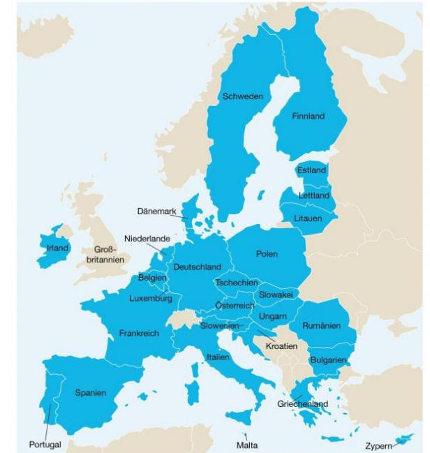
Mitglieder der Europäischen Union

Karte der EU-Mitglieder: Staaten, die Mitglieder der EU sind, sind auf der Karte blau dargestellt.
------------------------
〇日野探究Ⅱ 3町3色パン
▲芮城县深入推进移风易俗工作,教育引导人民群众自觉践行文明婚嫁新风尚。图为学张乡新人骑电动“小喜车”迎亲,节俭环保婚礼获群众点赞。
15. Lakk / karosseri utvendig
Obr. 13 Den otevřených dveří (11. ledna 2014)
------------------------
● **TASK BRIEF**: What you give back must be the stretch above, starting at the line with "15. Lakk / karosseri utvendig" and ending at the line with "Obr. 13 Den otevřených dveří (11. ledna 2014)", copied exactly.

● **TASK ANSWER**:
15. Lakk / karosseri utvendig
Obr. 13 Den otevřených dveří (11. ledna 2014)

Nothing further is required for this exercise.